_Exercise goal_
Only the lines from the one containing "(التكامل ÷ الإنتروبيا)" through the one containing "CUP STAND: The" should be printed, exactly as they appear below, with both ends included.

_Provided information_

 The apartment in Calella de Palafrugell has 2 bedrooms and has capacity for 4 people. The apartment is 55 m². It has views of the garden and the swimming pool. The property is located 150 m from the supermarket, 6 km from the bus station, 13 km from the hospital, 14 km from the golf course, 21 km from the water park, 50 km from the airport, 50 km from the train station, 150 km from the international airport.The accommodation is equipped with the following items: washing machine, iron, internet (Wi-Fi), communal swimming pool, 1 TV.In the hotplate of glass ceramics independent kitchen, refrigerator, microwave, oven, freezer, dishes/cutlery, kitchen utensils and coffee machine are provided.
==
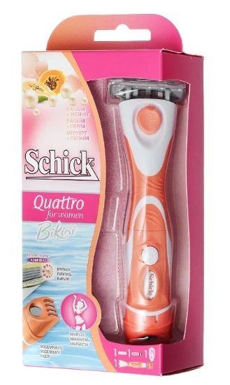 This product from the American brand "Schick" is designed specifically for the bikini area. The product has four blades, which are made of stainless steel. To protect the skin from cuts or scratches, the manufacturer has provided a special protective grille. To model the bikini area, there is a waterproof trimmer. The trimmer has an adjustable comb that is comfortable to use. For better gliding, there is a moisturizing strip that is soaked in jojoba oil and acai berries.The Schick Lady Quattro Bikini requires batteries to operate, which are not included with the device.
==
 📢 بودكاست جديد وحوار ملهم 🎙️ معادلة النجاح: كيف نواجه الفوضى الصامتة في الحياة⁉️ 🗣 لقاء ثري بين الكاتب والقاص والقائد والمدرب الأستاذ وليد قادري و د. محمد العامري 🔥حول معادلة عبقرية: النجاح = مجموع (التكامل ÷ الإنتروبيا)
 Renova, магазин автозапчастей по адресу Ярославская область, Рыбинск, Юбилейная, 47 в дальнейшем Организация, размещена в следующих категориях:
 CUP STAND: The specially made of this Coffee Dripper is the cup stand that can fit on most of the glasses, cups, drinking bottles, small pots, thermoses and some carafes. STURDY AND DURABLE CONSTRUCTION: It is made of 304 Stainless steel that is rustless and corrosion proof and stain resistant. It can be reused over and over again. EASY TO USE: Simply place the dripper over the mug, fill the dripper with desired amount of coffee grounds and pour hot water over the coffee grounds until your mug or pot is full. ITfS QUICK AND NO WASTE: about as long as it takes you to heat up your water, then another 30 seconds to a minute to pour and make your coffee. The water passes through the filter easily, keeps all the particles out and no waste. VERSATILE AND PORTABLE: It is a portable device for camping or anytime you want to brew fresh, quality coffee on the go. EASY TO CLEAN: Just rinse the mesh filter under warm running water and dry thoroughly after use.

_Exercise solution_
 📢 بودكاست جديد وحوار ملهم 🎙️ معادلة النجاح: كيف نواجه الفوضى الصامتة في الحياة⁉️ 🗣 لقاء ثري بين الكاتب والقاص والقائد والمدرب الأستاذ وليد قادري و د. محمد العامري 🔥حول معادلة عبقرية: النجاح = مجموع (التكامل ÷ الإنتروبيا)
 Renova, магазин автозапчастей по адресу Ярославская область, Рыбинск, Юбилейная, 47 в дальнейшем Организация, размещена в следующих категориях:
 CUP STAND: The specially made of this Coffee Dripper is the cup stand that can fit on most of the glasses, cups, drinking bottles, small pots, thermoses and some carafes. STURDY AND DURABLE CONSTRUCTION: It is made of 304 Stainless steel that is rustless and corrosion proof and stain resistant. It can be reused over and over again. EASY TO USE: Simply place the dripper over the mug, fill the dripper with desired amount of coffee grounds and pour hot water over the coffee grounds until your mug or pot is full. ITfS QUICK AND NO WASTE: about as long as it takes you to heat up your water, then another 30 seconds to a minute to pour and make your coffee. The water passes through the filter easily, keeps all the particles out and no waste. VERSATILE AND PORTABLE: It is a portable device for camping or anytime you want to brew fresh, quality coffee on the go. EASY TO CLEAN: Just rinse the mesh filter under warm running water and dry thoroughly after use.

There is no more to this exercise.